The second reason this book is important is noted by Karp himself in the preface; for an unknown reason, most historians treat foreign & domestic affairs as entirely separate matters. This is both strange and unfortunate. As Karp puts it:
[N]o substantial connections have ever been made between the turbulent domestic politics of the [Gilded] age and the increasingly ambitious foreign politics of that age. It is as if they were two separate historical sequences, each flowing through its own watertight channel, one labeled "domestic" and the other "foreign."
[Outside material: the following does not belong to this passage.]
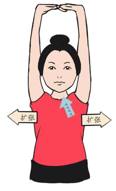 双手抱头,吸气时抬头挺胸,双手向外打开,吐气时,低头缩胸,双手收拢。 双手外展90度,用鼻缓慢深吸气,同时双手向两侧最大范围的张开,经口吐气时,双手肘互相靠拢,在胸前相贴近。用鼻缓慢深吸气,吸气后,屏气保持3秒,身体前倾,张大嘴,快而短促的连哈3次气。再次用鼻缓慢深吸气后屏气保持3秒,调动胸、腹肌力量,完成1次响亮有力的咳嗽。避免用嗓子发音出现清嗓子的行为,这不是正确的咳嗽方式。

Such is the was American history — ideological, Marxist history excepted — has come to be written. The diplomatic historian traces the history of foreign affairs as if domestic politics were offstage disturbances; the historian of domestic politics treats the explosions of war as if they were offstage disturbances. The historian who copes with both in the confines of a single book puts them into alternate chapters, as if it were virtually unthinkable that domestic and foreign politics could possibly be elements of a single unified history.
I say "as if" because no one, so far as I know, has ever argued explicitly that foreign affairs and domestic affairs could not possibly be related. Stated baldly, the proposition is absurd. Were it true, we would have to believe, for example, that Presidents who have faced a mounting sea of troubles at home have nonetheless conducted their foreign policy without the slightest regard for those troubles. We would have to believe, in other words, that individual American Presidents were themselves divided into watertight compartments, one labeled "domestic" and the other "foreign." We would have to believe, too, that public men faced with a dangerously divided country could not possibly want to see it united by a patriotic struggle against a foreign foe; that men of power forced to cope with bitter and burning domestic questions would not wish to change the question before the country by pushing foreign affairs forward. Such propositions are not only contrary to common sense, they are falsified by the overwhelming evidence of history, for the political history of mankind records innumerable examples of rulers using foreign affairs for domestic ends.
Walter Karp, The Politics of War (Franklin Square Press, 1973, 2003), xv-xvi.